In the spirit of the colonial age, they did not totally give up on the idea of trade however. They conceived a scheme to trans-ship goods across the rapids by means of a railway running between our island and the next one, called Don Det. Thus ships coming down stream would off-load at a wharf at Don Det and load the cargo onto the train. This would then chuff down the railway, across a fine arched bridge to Don Khone and to the wharf downriver where it would be unloaded onto ships headed for Cambodia and Vietnam. So far as I know the project was a relative success and was even used by the occupying Japanese until it fell into disuse at the end of the Second World War. Now all the track is gone but the basic infrastructure is still there.

Poignantly a French locomotive stands rusting for all to see. The track beds are still intact and the superb many-arched bridge, presumably unmaintained for half a century, looks to be in fine condition, a tribute to its builders. It’s now just a curiosity for tourists, but with trade on the river growing, especially in the upper reaches between China and Thailand, one wonders if the railway scheme could have a renaissance. Road routes into Cambodia and northwards are poor and an unbroken river artery could be a fine stimulus to trade.

Our days were spent exploring the railway on hired bicycles, finding the old resident’s house, now a guest house, wandering through the villages, admiring the old temple with its ancient Khmer pavings and stones scattered around and sheltering for drinks and noodles every time a heavy shower came through.

Most exciting of all we headed for the rapids where we watched the brown waters thundering over the rocks in a devastating display of nature’s might. Here at Li Phii are some substantial bamboo fish traps and an old man explained to Cat that when the conditions are right, they can scoop up large quantities of fish.

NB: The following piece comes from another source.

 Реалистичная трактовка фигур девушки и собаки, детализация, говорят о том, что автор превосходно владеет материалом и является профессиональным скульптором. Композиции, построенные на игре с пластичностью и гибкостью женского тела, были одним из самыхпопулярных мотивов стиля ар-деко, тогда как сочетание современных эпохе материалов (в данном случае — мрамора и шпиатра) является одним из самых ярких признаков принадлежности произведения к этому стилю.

The name, Li Phii, loosely translated means the ‘haunted fish traps’ which is explained by the fact that during the Indo-Chinese wars, many corpses came down the river and often they would end up caught in them. This was again explained by the old man, though I’m not mentioning how he referred to the enemy in the skies as this would offend American readers.

Thankfully, apart from the thunder of the falls, this must now be one of the most quiet and serene places in the world, free of trucks and cars and modern development and even of mains electricity. Life is dominated by fishing and the eternal cycle of the rice harvest where ploughing is still mainly done with buffaloes. In Surin, I’ve been collecting buffalo harrows as museum pieces, but here they are still in use.

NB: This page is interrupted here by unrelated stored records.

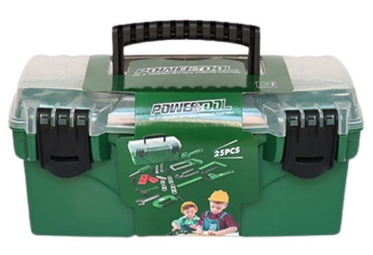 Развивающий набор инструментов для маленьких мастеров! В комплект входят 25 ярких и безопасных игрушечных инструментов, аккуратно упакованных в удобный зелёный пластиковый ящик с крышкой. Набор помогает развивать моторику, воображение и навыки ролевой игры.
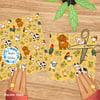 Barnyard animals, sunflowers and daisy flowers.
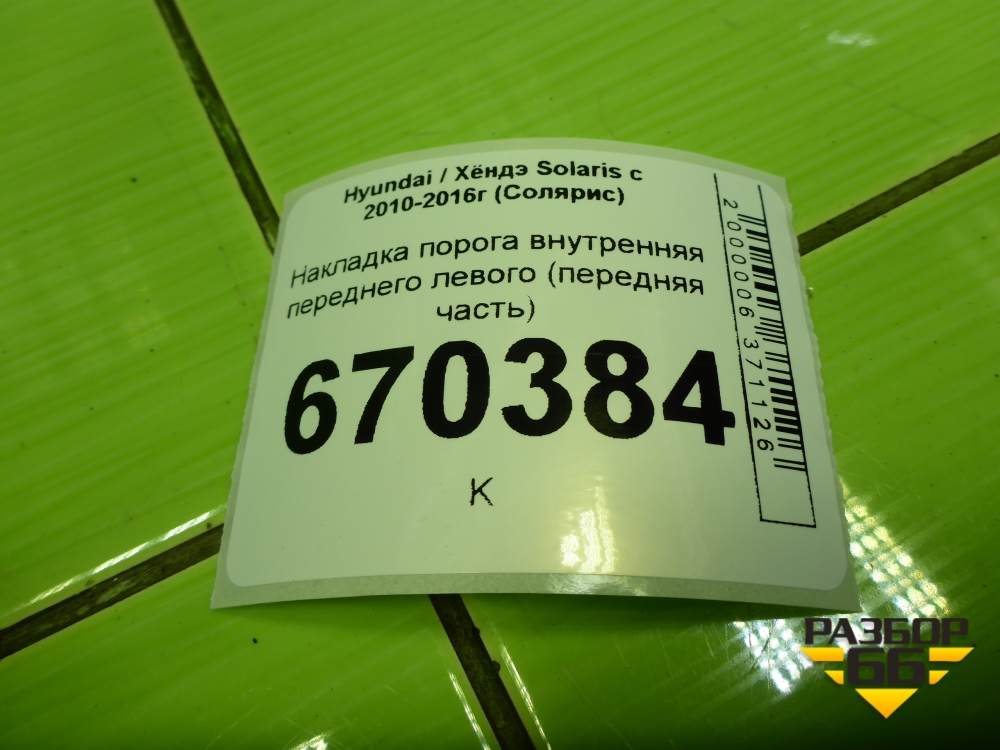 Накладка порога внутренняя переднего левого (передняя часть) (858231R000) для Hyundai Solaris с 2010-2016г (Солярис) в Тюмени
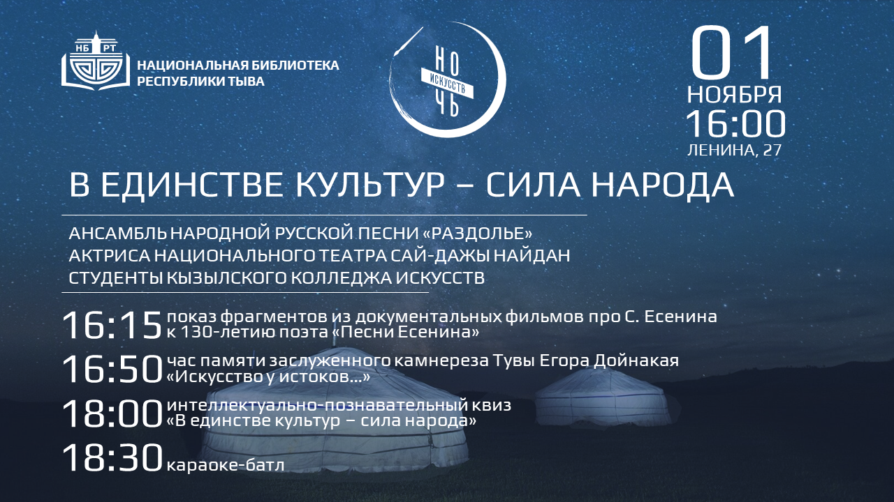 Место: ул. Ленина, д. 21 (отдел литературы по искусству и спорту Национальной библиотеки Тувы)Друзья, не пропустите грандиозное событие в мире культуры.

In the morning as we breakfasted in the old shop house, we watched as the kids and adults came pouring into a wooden shack across the way. I thought nothing of it until later they all came pouring out again, chatting in excitement. Cat explained this to me as something from her own childhood… they had all gone inside to pay a few Kip and watch the only telly in town.

Finally we said goodbye to Mr Pan and took the boat back to the mainland before briefly heading further south to Khon Phapeng Falls. These must be the biggest falls in South East Asia and this particular day after some of the heaviest rains of recent times with the waters of the Mekhong swollen to a high level, they were quite spectacular. The river rises 4,350 kilometers away in the Tibetan plateau and because of its sheer size is a major feature of this part of the world. Access to its waters is a critical source of potential friction and conflict. Many controversies surround it as the Chinese are constructing several dams on its upper reaches, constricting the flow of water downstream.

Some months back in the dry season when we looked down on the river from the cliffs at Pha Taem in Thailand, we saw mainly rocks and only a modest flow of water. The river was at its lowest for years with serious consequences. Now a few months later with the river in spate, it was difficult to reconcile these as one and the same river. Nothing I have ever seen in a life time of waterfalls has had the sheer arrogant power of these falls at Four Thousand Islands hidden down in the south of Laos.